Input data
————

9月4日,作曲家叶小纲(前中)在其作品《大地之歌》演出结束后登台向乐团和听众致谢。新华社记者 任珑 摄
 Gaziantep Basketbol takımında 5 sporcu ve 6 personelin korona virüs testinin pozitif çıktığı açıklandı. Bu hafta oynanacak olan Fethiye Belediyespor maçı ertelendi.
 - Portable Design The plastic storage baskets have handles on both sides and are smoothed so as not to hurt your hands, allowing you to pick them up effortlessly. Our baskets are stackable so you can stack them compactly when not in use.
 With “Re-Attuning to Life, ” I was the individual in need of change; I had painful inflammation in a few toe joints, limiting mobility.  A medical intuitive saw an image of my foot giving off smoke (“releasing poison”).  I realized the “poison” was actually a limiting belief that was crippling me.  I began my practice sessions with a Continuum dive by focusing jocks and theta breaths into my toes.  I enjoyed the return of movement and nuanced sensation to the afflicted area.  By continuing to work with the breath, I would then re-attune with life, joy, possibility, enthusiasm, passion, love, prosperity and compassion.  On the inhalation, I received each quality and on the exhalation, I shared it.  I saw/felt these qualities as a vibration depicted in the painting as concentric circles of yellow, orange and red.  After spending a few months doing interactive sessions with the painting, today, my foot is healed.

————

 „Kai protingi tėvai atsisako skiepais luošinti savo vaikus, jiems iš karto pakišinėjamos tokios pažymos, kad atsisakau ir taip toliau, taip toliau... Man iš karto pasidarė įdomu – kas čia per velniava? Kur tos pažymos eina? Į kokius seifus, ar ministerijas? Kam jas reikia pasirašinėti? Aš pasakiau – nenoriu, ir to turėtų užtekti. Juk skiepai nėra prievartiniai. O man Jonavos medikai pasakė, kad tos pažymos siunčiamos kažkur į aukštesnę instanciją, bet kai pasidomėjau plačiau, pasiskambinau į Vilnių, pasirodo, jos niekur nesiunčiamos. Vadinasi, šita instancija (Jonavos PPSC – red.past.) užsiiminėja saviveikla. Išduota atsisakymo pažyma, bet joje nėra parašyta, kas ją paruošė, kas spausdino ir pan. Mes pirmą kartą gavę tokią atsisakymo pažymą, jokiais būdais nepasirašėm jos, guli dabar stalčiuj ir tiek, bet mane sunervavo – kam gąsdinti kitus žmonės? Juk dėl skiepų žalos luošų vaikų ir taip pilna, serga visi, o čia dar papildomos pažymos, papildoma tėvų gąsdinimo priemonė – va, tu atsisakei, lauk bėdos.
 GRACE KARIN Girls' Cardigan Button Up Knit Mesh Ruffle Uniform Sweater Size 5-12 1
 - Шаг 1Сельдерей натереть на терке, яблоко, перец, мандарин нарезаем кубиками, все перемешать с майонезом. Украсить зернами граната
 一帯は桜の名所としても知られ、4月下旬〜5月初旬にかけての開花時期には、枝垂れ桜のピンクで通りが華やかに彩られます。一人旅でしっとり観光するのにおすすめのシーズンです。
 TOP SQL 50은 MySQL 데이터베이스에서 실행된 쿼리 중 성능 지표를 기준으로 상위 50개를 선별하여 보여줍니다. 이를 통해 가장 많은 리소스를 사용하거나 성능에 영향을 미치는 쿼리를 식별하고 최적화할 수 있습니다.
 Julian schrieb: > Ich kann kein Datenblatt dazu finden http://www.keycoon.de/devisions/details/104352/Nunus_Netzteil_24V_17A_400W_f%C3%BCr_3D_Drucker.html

————

Work request
Reproduce exactly, and only, the part of the listing above that begins at the line with "- Шаг 1Сельдерей" and goes on through the line with "Julian schrieb: >".

Response below
 - Шаг 1Сельдерей натереть на терке, яблоко, перец, мандарин нарезаем кубиками, все перемешать с майонезом. Украсить зернами граната
 一帯は桜の名所としても知られ、4月下旬〜5月初旬にかけての開花時期には、枝垂れ桜のピンクで通りが華やかに彩られます。一人旅でしっとり観光するのにおすすめのシーズンです。
 TOP SQL 50은 MySQL 데이터베이스에서 실행된 쿼리 중 성능 지표를 기준으로 상위 50개를 선별하여 보여줍니다. 이를 통해 가장 많은 리소스를 사용하거나 성능에 영향을 미치는 쿼리를 식별하고 최적화할 수 있습니다.
 Julian schrieb: > Ich kann kein Datenblatt dazu finden http://www.keycoon.de/devisions/details/104352/Nunus_Netzteil_24V_17A_400W_f%C3%BCr_3D_Drucker.html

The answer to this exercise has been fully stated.